HITECH Payment Data Audits

By Paul L. Hannah, Jay Sutton, and Ronald K. Wolf
| 2/10/2015

In accordance with the Health Information Technology for Economic and Clinical Health (HITECH) Act, enacted as part of the American Recovery and Reinvestment Act of 2009, the Centers for Medicare & Medicaid Services (CMS) has directed Medicare administrative contractors (MACs) to audit the data elements used to calculate Medicare electronic health record (EHR) incentive payments for certain acute care hospitals. Eligible hospitals paid under the inpatient prospective payment system and eligible critical access hospitals (CAHs) may be selected for audit by CMS.

hc-connection-hc15914-hitech-payment-250x250 The MAC, or a subcontractor of the MAC, will perform payment data audits for a specific Medicare cost reporting period. These audits are designed to validate total discharges, the number of Part A and Part C inpatient bed days, total charges, total charges attributed to charity care, and depreciable asset costs (CAHs only). The MAC reviews are separate and distinct from meaningful use audits, which assess whether eligible professionals and hospitals can support the meaningful use data submitted during attestation.

Preparing for a HITECH Payment Audit

Based on our experience with these payment data audits, we recommend that hospitals prepare for these reviews in advance as they typically are given only a few weeks to provide the requested data to the MAC or its subcontractor.
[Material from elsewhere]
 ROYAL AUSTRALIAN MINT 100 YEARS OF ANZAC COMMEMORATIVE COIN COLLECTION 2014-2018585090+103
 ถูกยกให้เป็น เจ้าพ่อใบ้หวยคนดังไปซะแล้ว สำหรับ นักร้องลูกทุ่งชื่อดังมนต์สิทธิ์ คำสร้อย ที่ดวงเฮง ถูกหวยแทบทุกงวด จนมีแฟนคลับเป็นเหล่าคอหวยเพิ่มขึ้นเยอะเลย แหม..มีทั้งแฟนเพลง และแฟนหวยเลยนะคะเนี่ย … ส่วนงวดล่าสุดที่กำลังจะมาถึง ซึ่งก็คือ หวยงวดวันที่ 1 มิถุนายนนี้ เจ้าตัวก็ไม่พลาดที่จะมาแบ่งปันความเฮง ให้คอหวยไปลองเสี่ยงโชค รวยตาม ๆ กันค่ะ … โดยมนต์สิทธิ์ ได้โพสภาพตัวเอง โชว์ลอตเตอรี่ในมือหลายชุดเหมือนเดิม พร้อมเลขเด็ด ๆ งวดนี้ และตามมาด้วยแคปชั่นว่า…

Although much of the data is fairly straightforward (e.g., discharges, patient days, total charges), charges attributed to charity care is one data element that is constantly changing and typically is more difficult for hospitals to support.

Because the total amount of charity care reported can have a significant impact on the EHR incentive payment, MACs are focusing their audits on this aspect of the payment calculation. Hospitals should be prepared to share the underlying details to support the amount of charity care reported as well as to ensure that the amount reconciles with charity care data on CMS Form 2552-10, “Medicare Cost Report,” Worksheet S-10; IRS Form 990, Schedule H; and audited financial statements.
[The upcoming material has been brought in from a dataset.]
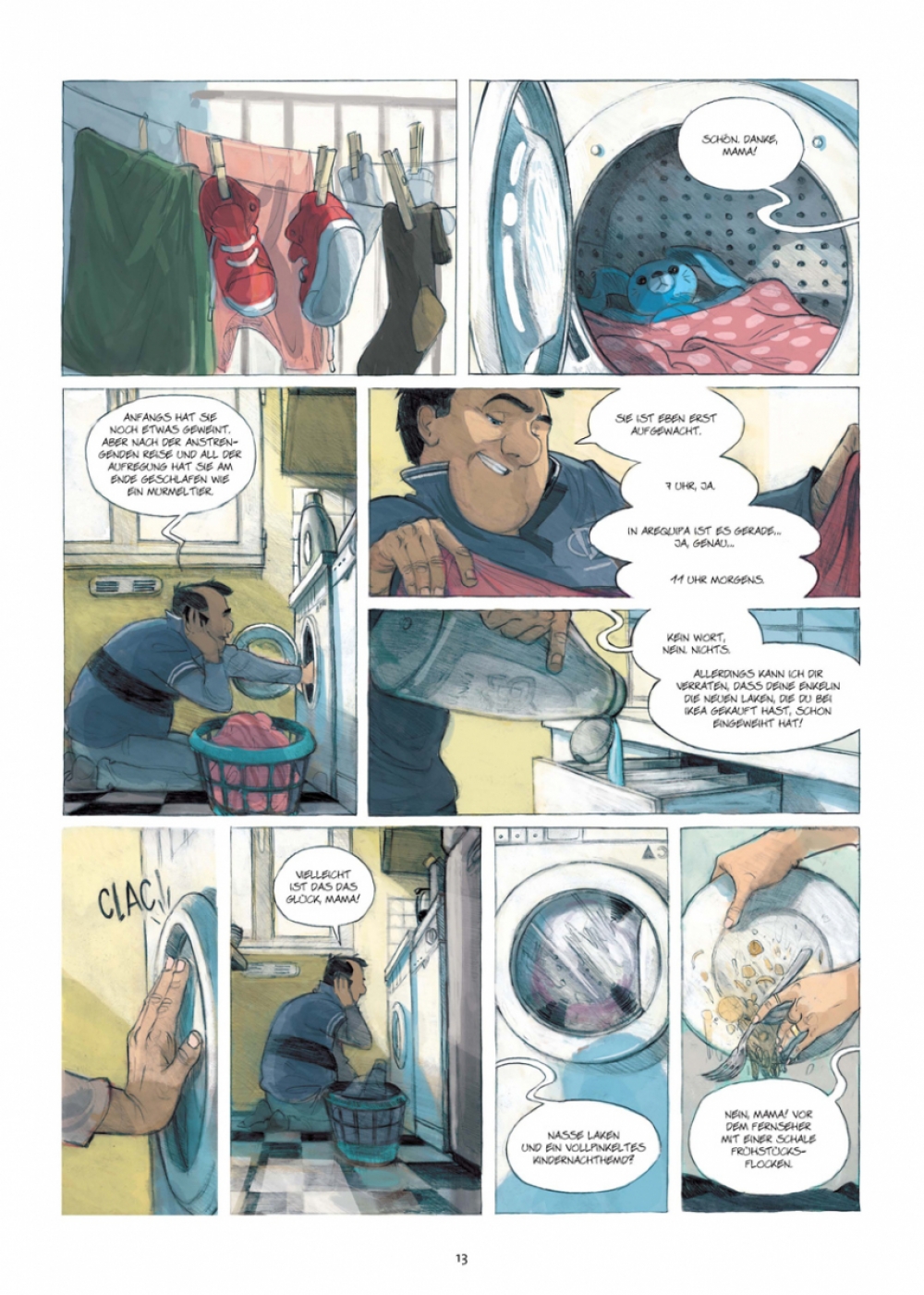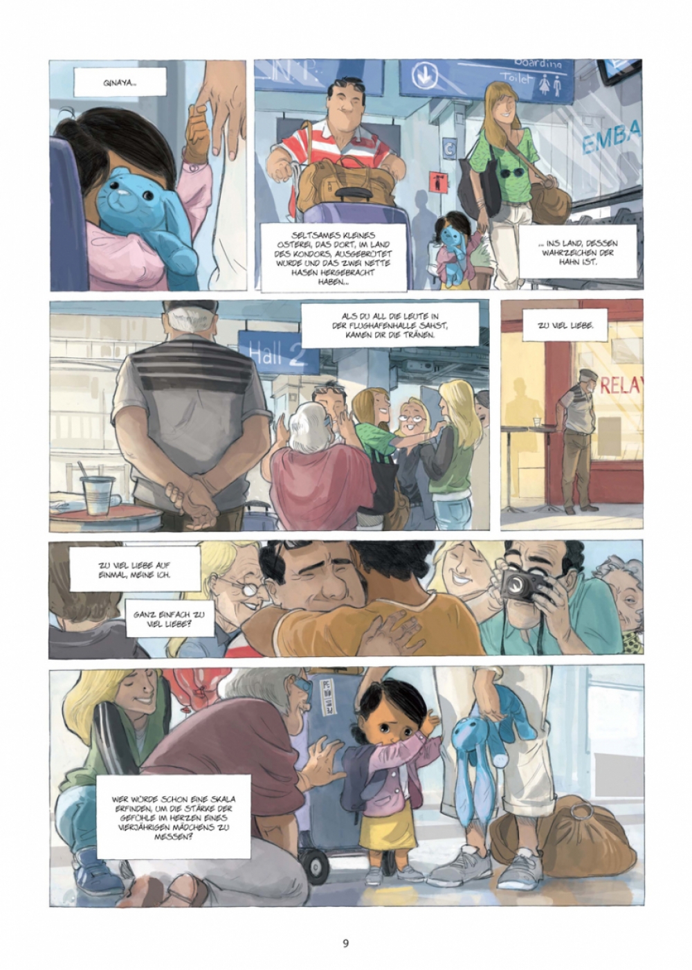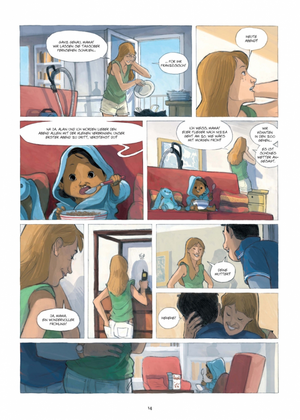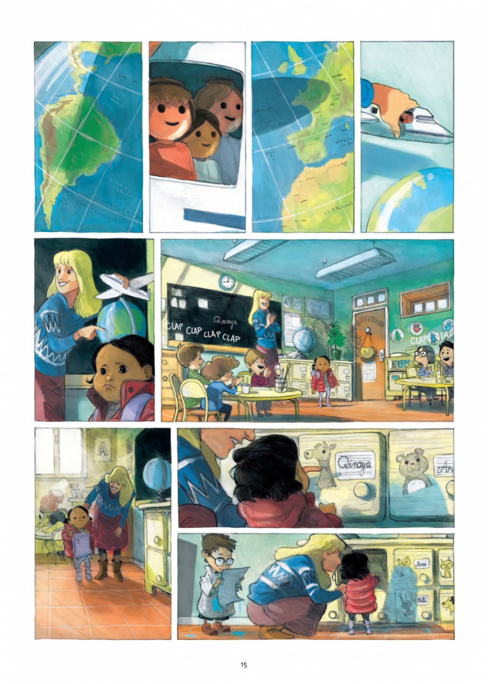 Wozu Weihnachten, wenn man kein Kind hat, mit dem zusammen man dieses Familienfest schlechthin feiern könnte? Für Lynette und Alain, Mitte vierzig, gehört diese Frage der Vergangenheit an. Nach einem verheerenden Erdbeben in Peru hoffen zahllose Waisen auf ein neues Zuhause, und das bis dahin kinderlose Paar adoptiert die kleine Qinaya. Die Ankunft der aufgeweckten Vierjährigen mit den großen, staunenden Augen wirbelt natürlich sofort das Leben aller Beteiligter durcheinander. Aber während sich einige mit Begeisterung in ihre neuen Rollen als Eltern oder Großmutter stürzen, erweckt bei Gabriel der Umstand, plötzlich Opa zu sein, allenfalls gemischte Gefühle. Ob es daran liegt, dass er nie die Zeit gefunden hatte, ein richtiger Vater zu sein? Die liebevoll erzählte und illustrierte Geschichte einer allmählichen Annäherung zweier Charaktere, wie sie unterschiedlicher kaum sein können, und eines alten Griesgrams an sich selbst.

To ensure the accuracy, consistency, and validity of charity care data, we suggest that hospitals consider the following:

  • Uncompensated care should be reconciled later in the process, similar to what has historically been done with Medicare disproportionate share hospital eligibility. MACs are accepting listings of refreshed charity care charges submitted at the time of audit.
  • As with Medicare bad debt audits, MACs are employing the use of statistical sampling methodologies in their reviews of charity care charge listings (insured upper and lower sample and uninsured upper and lower sample). Requests for supporting documentation for sampled accounts include:
    • The uniform bill detailing the gross charges for the services provided and documentation of deductible and coinsurance amounts, such as reported on explanations of benefits or remittance advices
    • Charity care applications and supporting documentation, such as pay stubs, other evidence of income, bank statements, and financial portfolios

    Error rates are then established based on acceptance of the supporting documentation by the auditor. If, for example, the error rate on the sampled accounts is greater than 50 percent, only those accounts without errors will be allowed. This method of statistical sampling can result in significant disallowances of charity care, which negatively affects EHR incentive payments.
  • HITECH adjustments are incorporated with any desk review adjustments before a settlement is issued.
  • Any additional supporting documentation not furnished at time of audit will require the hospital to request a Medicare cost report reopening.

Suggested Annual Processes

To support charity care data adequately, hospitals may want to consider taking the following steps on an annual basis:

  • Maintain a charity care log for claims with dates of service during each cost report period. Retain an electronic copy of the log until the cost report is final settled.
  • Annually review the hospital’s charity care policies, and maintain supporting documentation for each cost report period.
  • Confirm that the hospital’s charity policies are being followed and that they are reflected accurately in the billing system.
  • Ensure charity care amounts are accurate. Establish separate transaction codes for bad debt and charity care, and make sure these transactions cleanly map to general ledger accounts. Clearly communicate any new charity transaction codes or changes in proposed mapping.
  • Identify the best data source to track charity care data, and consistently use it for all uncompensated care reporting.

Hospitals can help protect their EHR incentive payments by being prepared to respond to HITECH payment data audits and by having complete and accurate charity care documentation available. They should be prepared to support the amount of charity care reported and to reconcile the charity care figures reflected on various financial statements and federal reports.